Kunstwerkerin Christine beschreibt ihr Leben auf der Furneralp

Auf den Furner Bergen

von Christine Pfammatter | Kolumne für den Walliser Boten

Seit langem bin ich wieder einmal auf der Alp. Besser gesagt, ich sitze in einem Maiensäss im Prättigau, Graubünden – und das für drei Wochen. Hier, auf den Furner Bergen, ist das Prättigau herrlich: Hügel, Blumenwiesen und eine umwerfende Sicht ins Tal prägen die Gegend. Dazu kommt das Erbe der Walser, das in den schönen alten Stuben und Schober, der Landwirtschaft, Namen wie Lötscher oder diversen Ortsbezeichnungen sichtbar bleibt. Die Sprache hat hier Ähnlichkeiten mit unserem Wallisertitsch, weshalb ich mich mit den Bauern und Jägern, die hier ihre Hütten haben, sogleich gut verstand. Schon habe ich mich auf den Rhythmus eingelassen, diesen „Flow“, der sich in der Natur nach ein paar Tagen einstellt: Frühes Aufstehen, frühes Zubettgehen, dazwischen einfach sein: existieren, in die Landschaft schauen, Feuer machen, essen und lesen, was zur Folge hat, dass mir jeder Satz schwer fällt. Diese Stille! Man hört keinen Laut. Absolute Ruhe. Und in der Nacht sieht man kein einziges Licht. Geht man dann, um den Computer aufzuladen oder sich im Schwimmbad zu waschen, ins Tal hinunter, kommt einem dort alles grässlich vor. Landquart, Chur, nichts kann einem mehr gefallen. Dieses dämliche Outlet-Center, dieses Industriequartier mit der Calanda-Brauerei, die der Quellen wegen schon lange Heinecken gehört, und die verschlossenen, aufgemotzten Leute im Intercity- grauenhaft ! Bin ich jetzt schon zum richtigen Bergler geworden?
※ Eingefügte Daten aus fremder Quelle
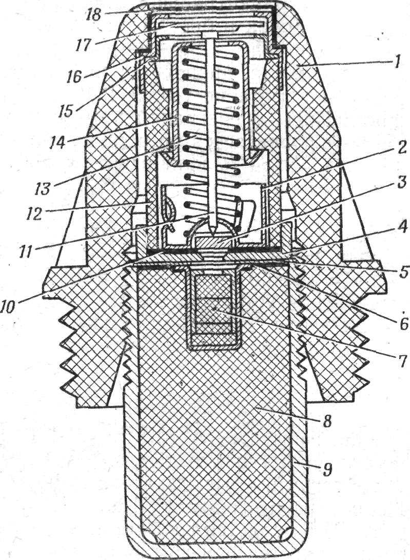 - pohyblivá miska 14 (v ruštine giľza = nábojnica) vplyvom zotrvačnosti prekoná silu pružiny 13 a zachytí sa v poistkovej miske 2
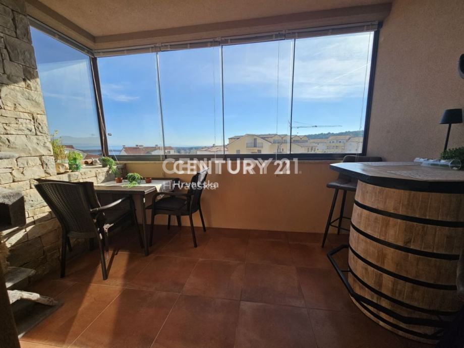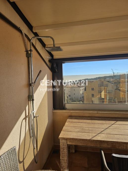 Balkon i lođa: Prostran balkon sa tušem i kaminom s pogledom na more pruža savršen prostor za uživanje na otvorenom, dok lođa dodatno obogaćuje privatni prostor stana, također i ona sa pogledom na more.

„Das Prättigau ist schön in der Höhe,“ sagte mir eine Frau und dem kann ich nur zustimmen. Nichts kann einem mehr ins Tal locken, nicht einmal der Malanser Wein. Lieber müht man sich hier oben ab und wird kreativ, sammelt Kräuter, sucht Sauerampfer, improvisiert am Herd, indem man sich fragt, was man noch alles aus gekochten Kartoffeln machen könnte.

Was mir besonders gefällt in den Höhen ist, dass jeder Mensch plötzlich wichtig und interessant wird und man sich auch nicht scheut, mit jedem zu reden, der einem, selten genug, über den Weg läuft. Wie viel besser ist es doch, einen kleinen „Hängert“ zu halten, als im Zug zu sitzen und auf das Handy zu schauen. Ich bin jedenfalls froh, bei diesem „Kunstluft-Projekt“ mitmachen zu dürfen. Kunstluft? Für ihre Bachelor-Arbeit in Multimedia-Production schrieben zwei Studentinnen der HTW Chur ein Artist in Residence-Programm auf der Furneralp aus. Ich bin eine von sieben Künstlern, die nun hier in verschiedenen Maiensässen wohnen und arbeiten. Zum Abschluss gibt es eine Ausstellung, eine Lesung und wer weiss, vielleicht findet dadurch der eine oder andere in diese schöne Gegend.